How to safely implement a parallel setup?
In my view is is possible to implement a parallel setup while mitigating the overcharge risk as indicated above. In my view the way forward would then be:
- Two battery management systems, each with its own precharge etcetera
- Each BMS dedicated for one string
- On top of that and a master deciding if they both can safely stay/go ‘online’.
So in case of a (sudden) cell failure the BMS of that string would notice and alert the master. In turn the master can then disconnect the strings to the one pack cannot equalize to the pack with the faulty cell.
Furthermore when parked the parallel string are then also disconnected so as safe as one string.
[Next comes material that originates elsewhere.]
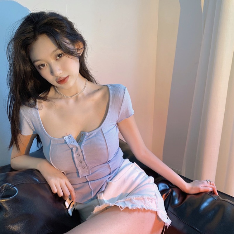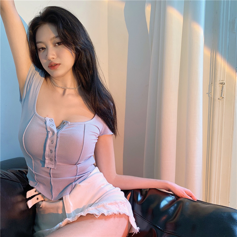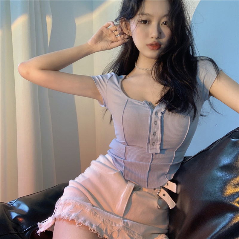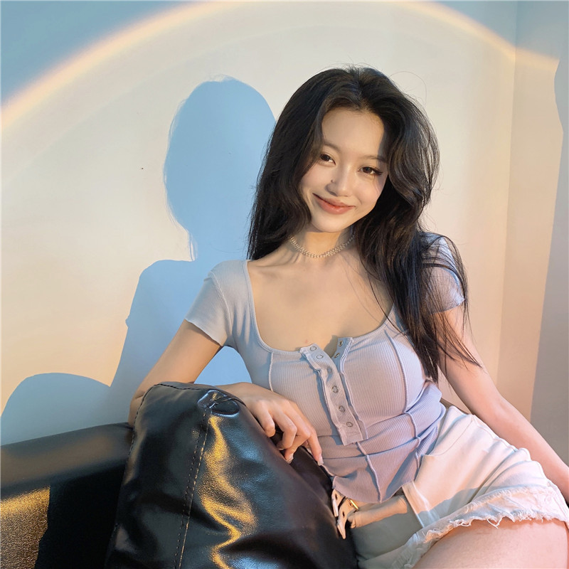 罗纹纯欲设计感U领T恤女夏季新款修身短款上衣

Recap serie vs. parallel cells and modules
If relying on cells in parallel to achieve the required capacity and/or current rating in my view this should ideally be solved ‘at the lowest level’. In that way the cells balance on cell level and no other cells are affected.
Adding more capacity later while preserving system voltage therefore is tricky. If you want to be able to do so, then it is better to start with less modules (as far as the system voltage bandwidth allows).
Having said that: A bigger battery in my view is certainly not always better. In my view very often the overall result is better when selecting a smaller battery and add CCS fast charging and active cooling. In doing so will result in a lighter car that often handles better and can charge very fast.